=== TASK DETAILS ===
Omitting all images, transcribe the listing word for word.

=== RECORDED INFORMATION ===

☆ ☆ ☆ ☆ ☆

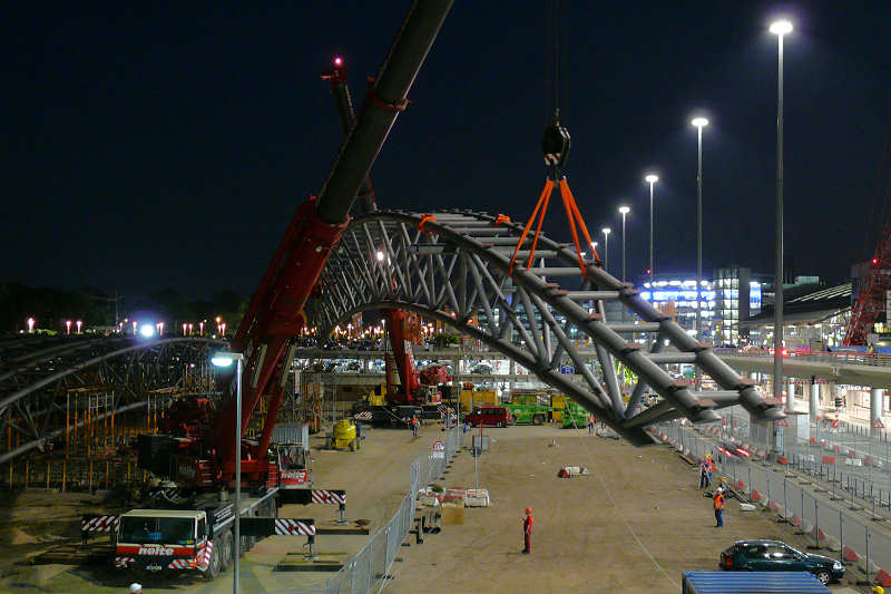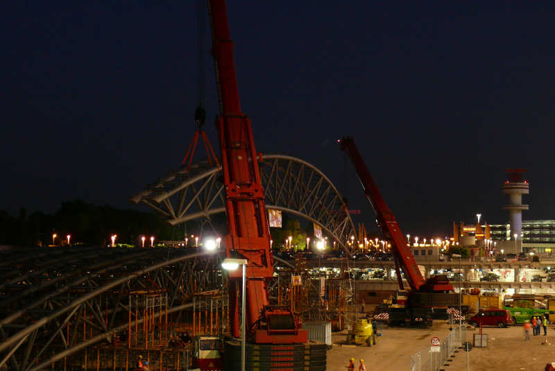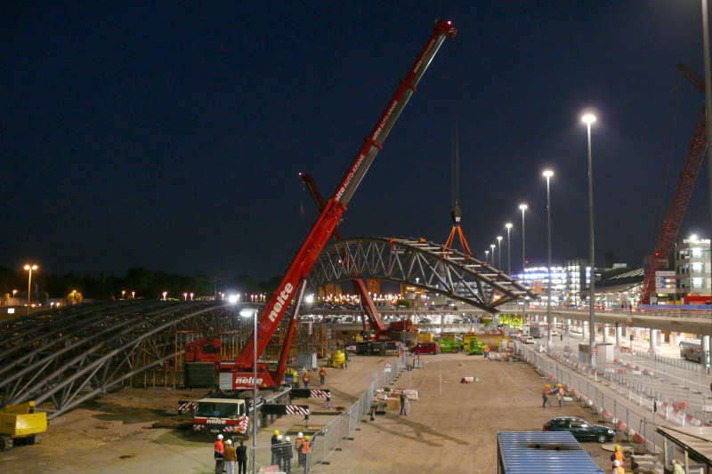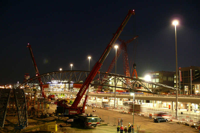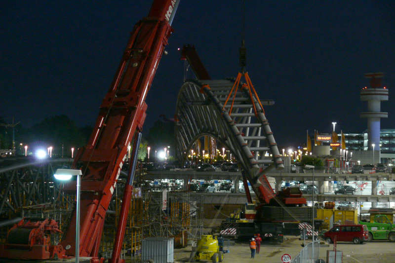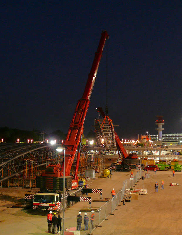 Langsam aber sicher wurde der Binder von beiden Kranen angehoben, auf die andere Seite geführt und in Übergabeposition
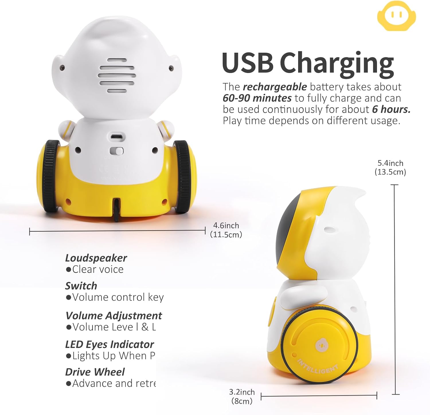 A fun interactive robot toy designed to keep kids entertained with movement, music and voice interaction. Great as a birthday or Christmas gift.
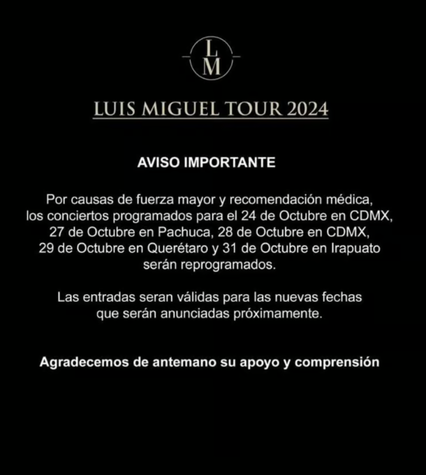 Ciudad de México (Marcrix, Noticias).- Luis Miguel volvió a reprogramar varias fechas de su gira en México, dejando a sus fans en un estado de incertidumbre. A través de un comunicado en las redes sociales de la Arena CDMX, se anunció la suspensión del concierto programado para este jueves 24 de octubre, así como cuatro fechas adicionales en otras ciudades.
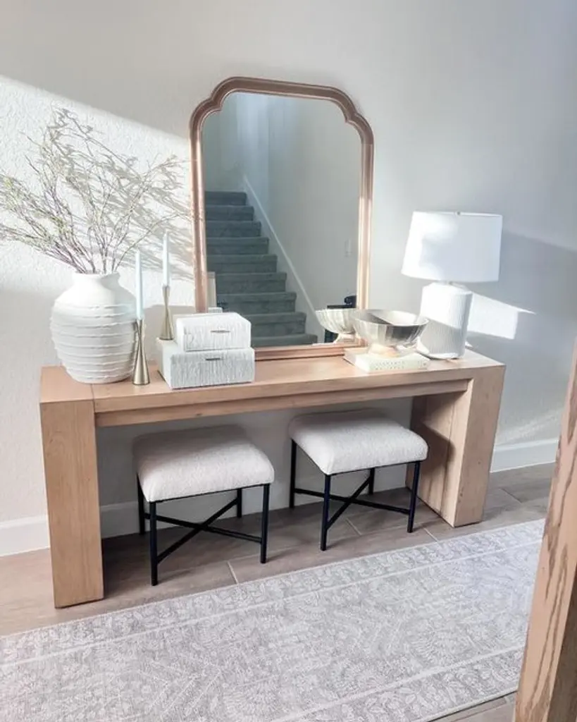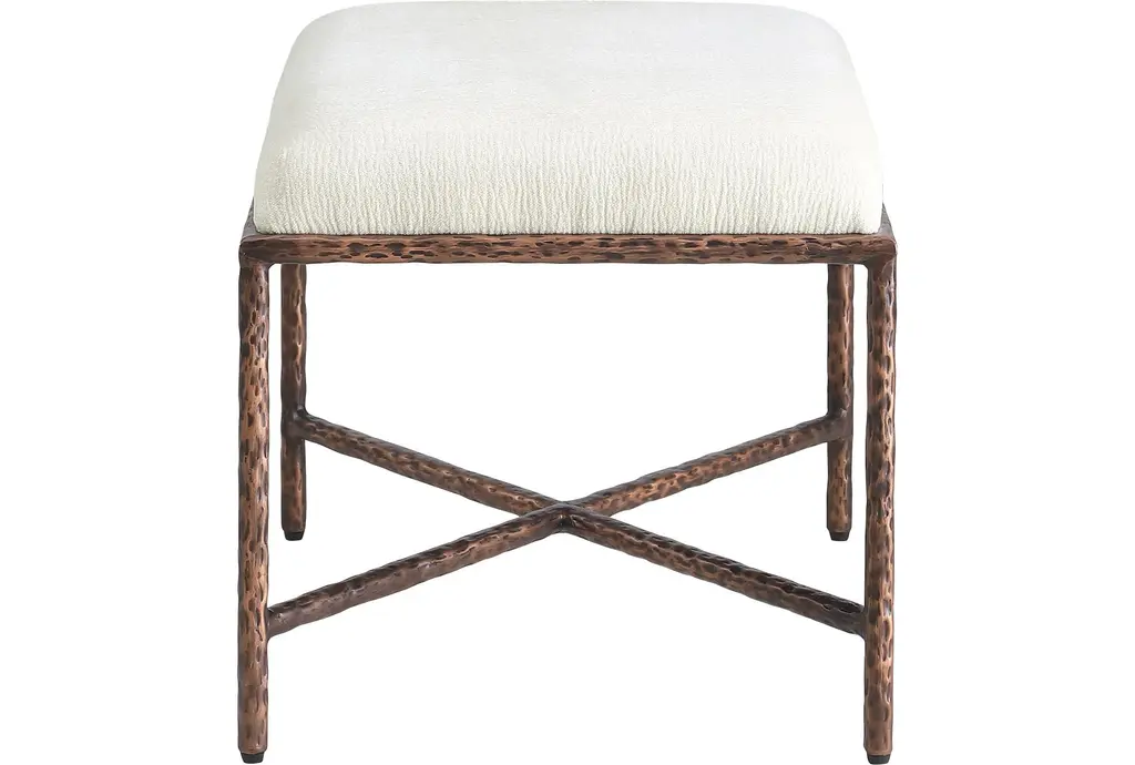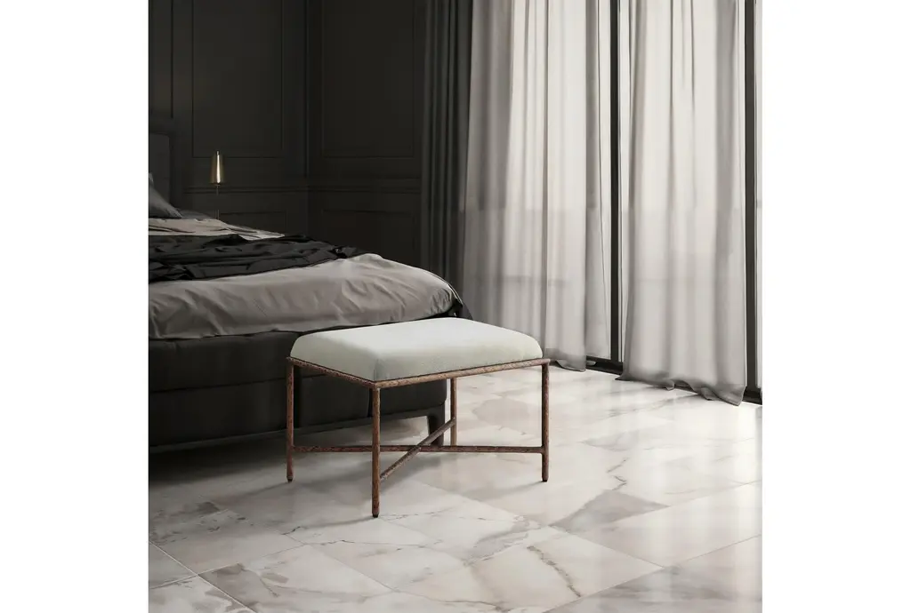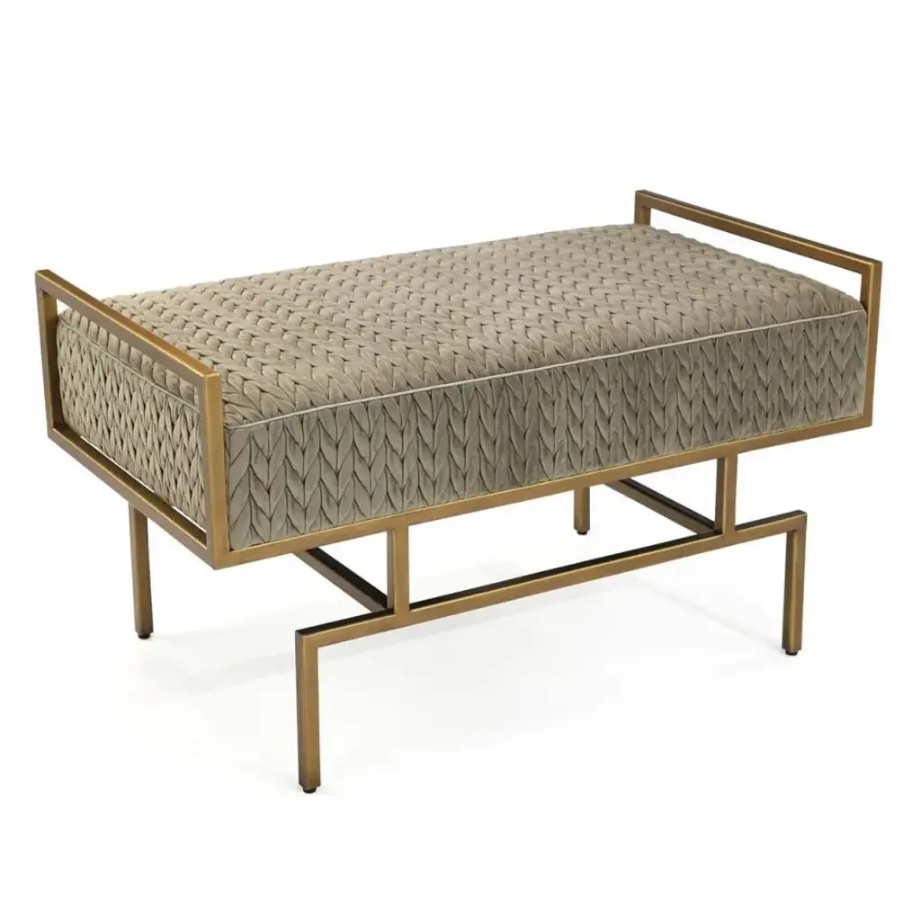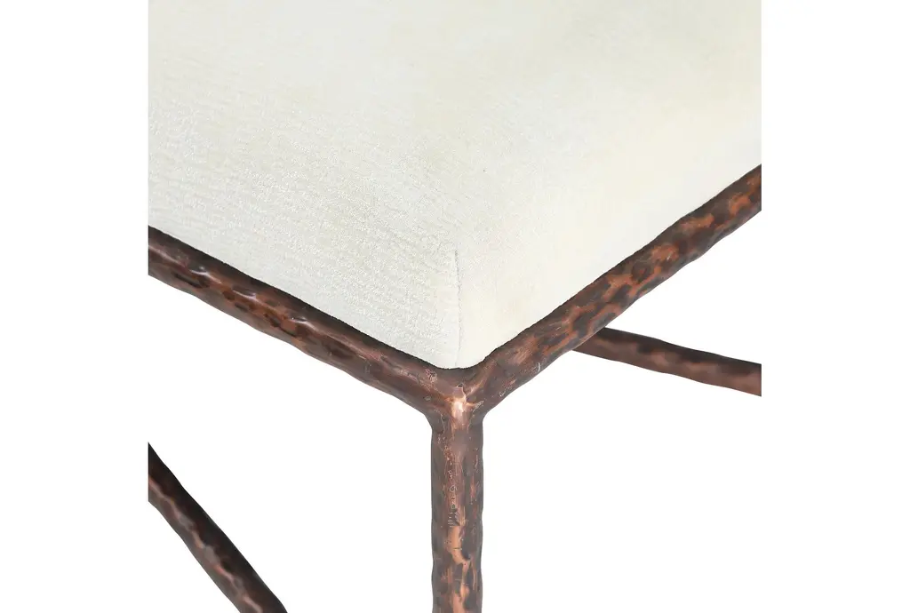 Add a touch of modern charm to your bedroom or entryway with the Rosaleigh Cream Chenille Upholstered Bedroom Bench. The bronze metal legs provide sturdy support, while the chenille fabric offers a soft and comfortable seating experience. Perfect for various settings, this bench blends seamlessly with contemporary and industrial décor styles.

☆ ☆ ☆ ☆ ☆

=== PROBLEM SOLUTION ===
 Langsam aber sicher wurde der Binder von beiden Kranen angehoben, auf die andere Seite geführt und in Übergabeposition
 A fun interactive robot toy designed to keep kids entertained with movement, music and voice interaction. Great as a birthday or Christmas gift.
 Ciudad de México (Marcrix, Noticias).- Luis Miguel volvió a reprogramar varias fechas de su gira en México, dejando a sus fans en un estado de incertidumbre. A través de un comunicado en las redes sociales de la Arena CDMX, se anunció la suspensión del concierto programado para este jueves 24 de octubre, así como cuatro fechas adicionales en otras ciudades.
 Add a touch of modern charm to your bedroom or entryway with the Rosaleigh Cream Chenille Upholstered Bedroom Bench. The bronze metal legs provide sturdy support, while the chenille fabric offers a soft and comfortable seating experience. Perfect for various settings, this bench blends seamlessly with contemporary and industrial décor styles.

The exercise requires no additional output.